Of course, as with every year, 2005 heralded plenty of new titles as well. Notable amongst those were Blood+, the anticipated sequel of the popular film, Blood the Last Vampire. The new TV series will be released concurrently with three Blood manga titles, drawn by different artists. Also notable was the announcement of Hellsing Ultimate, an OVA retelling of the wildly popular TV series. Suddenly, fans had renewed hope that all of their favorite series could eventually be revived in the form of sequels and OVAs.

But, if Japan was unwilling to make new series to tailor towards American audiences, there was always the hope that they could be convinced otherwise through co-productions. Such was the case with IGPX, a new 26-episode series co-produced by the Cartoon Network and Production IG. Starring big name actors like Haley Joel Osment, Mark Hamill, and Michelle Ruff, it represented the first co-production ever made between a US network and a Japanese studio. They weren't the only ones, though; Bandai and Studio Bones announced their newest project, Eureka 7, a multi-platform release that would include an anime series, a manga, and a video game for the Playstation 2. Hasbro followed suite with GI Joe Sigma Six, a co-production with Studio Gonzo.

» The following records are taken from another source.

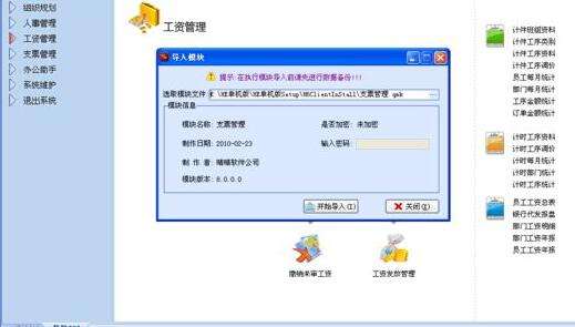 5、在工资管理的项目中,您可以引入一个已经设计结束的模块,这样可以 加速设计的效率
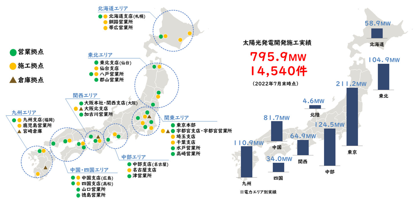 開発実績:14,540件・795.9MW(2022年7月末日時点、太陽光発電開発施工実績)
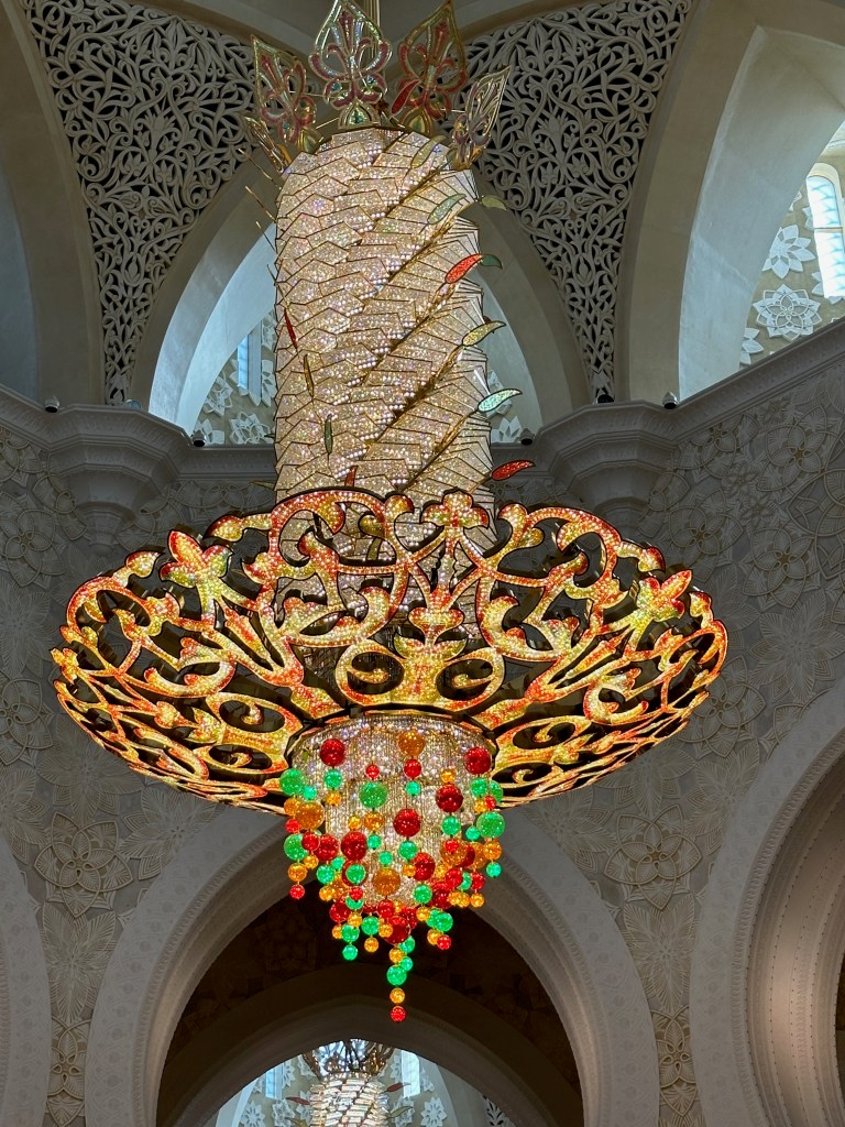 The second day was dedicated a visit to the Sheikh Zayed Grand Mosque. Reviewing the dress code and other requirements for entry into the mosque we set off to catch the local transportation that would take us there. The UAE boasts many beautiful mosques big and small but this one is the largest and grandest of them all. Constructed between 1994 and 2007 the building covers an area of more than 12 hectares (30 acres). This mosque was breath-taking with many amazing features.
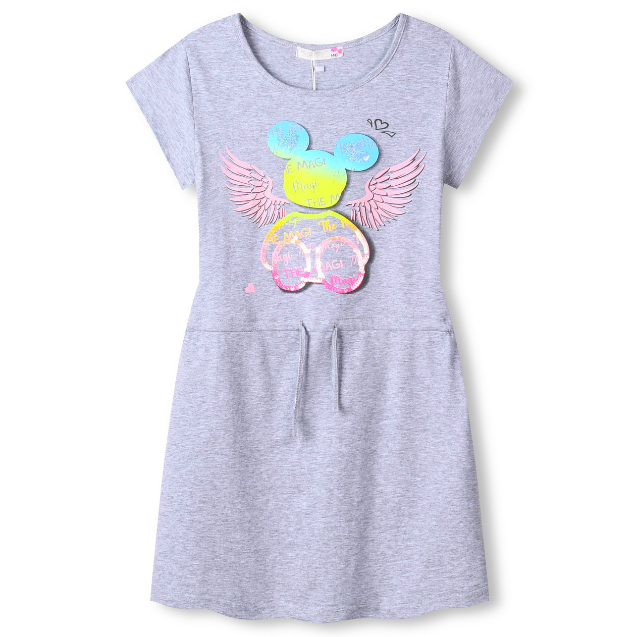 Dívčí junior šaty KUGO s obrázkem na předním dílu. Šaty jsou s krátkým rukávm a v pase je šňůrka na stažení protažená tunýlkem. Šaty jsou střižené do "áčka".
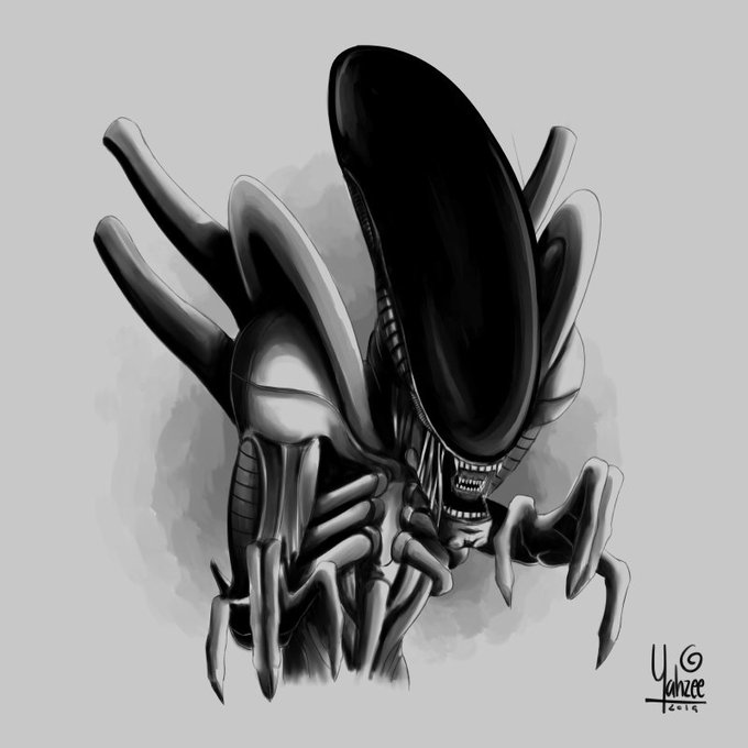 For day 29 of #inktober I made an Alien. This one is based off an old doodle I made a couple years ago. #digitalart #fanart #clipstudiopaint #watercolor #Alien

On the television front, anime continued to stake its claim as one of the highest ranking attention grabbers. September was a landmark month for many fans—after a few years of fruitless rumors and whispers that it would never happen, the much beloved Naruto finally premiered on Cartoon Network. The fact that it was licensed was reason enough for fans to enjoy, but to be able to enjoy it on cable was bliss for many.

Moving from the small screen to the big screen, there was just as much groundbreaking news there. After opening at the end of 2004 to much success, Hayao Miyazaki's Howl's Moving Castle continued to hold its head high on Japanese box office charts. It stayed in the top spot for over 8 weeks and spent over 15 weeks on the Top 10 list. It broke previous records set by Spirted Away not only in its home country, but in other countries as well. During its first 50 days in South Korea, it sold 1 million more tickets than Spirited Away. It eventually peeked into American theaters, where it enjoyed plenty of fan praise, but lukewarm critical reception. Other big name movies included Katsuhiro Otomo's Steamboy, which was released in March across the United States.

Interestingly, one of the biggest movie buzzes wasn't really anime-related, but more video game-related—Final Fantasy 7: Advent Children. Released in Japan on DVD, the film - although criticized for being unintelligible to anyone who hadn't played the PlayStation game it's based on - was lauded for its amazing visuals and stunning rendering. Unfortunately, the US release of the film was delayed many times; it's now expected to release in 2006.

Continuing a trend from a few years ago, there was more live-action fun to be had this year, with several titles either launching in Japan or heading into production. Viewers were able to anticipate seeing their favorite characters come alive, with movies and TV specials and series based on titles like Blue Submarine No. 6, Saikano, Prince of Tennis, Dance Till Tomorrow, Mushishi, Grave of the Firelies, NANA, God's Left Hand, Devil's Right Hand, Maison Ikkoku, Designer, Advice for Sane Romance, Tokyo University Story, Boys Over Flowers, Honey and Clover, and Parasyte. Movies like Initial D enjoyed popularity at several film festivals and even a US release. Other titles received the Hollywood treatment, from the critically panned Aeon Flux starring Charlize Theron and plans for a Voltron movie.

With so many events happening in 2005, it would be impossible to pin down the most “important” event, or even the trend. All that can really be said is that when it's all over and done, the year brought anime and its subculture a few steps closer to integration with mainstream society. Whether this cheers you or depresses you, it can't be denied that anime is becoming stronger and stronger ever year, and it will be interesting to see how the news of 2006 reflects this.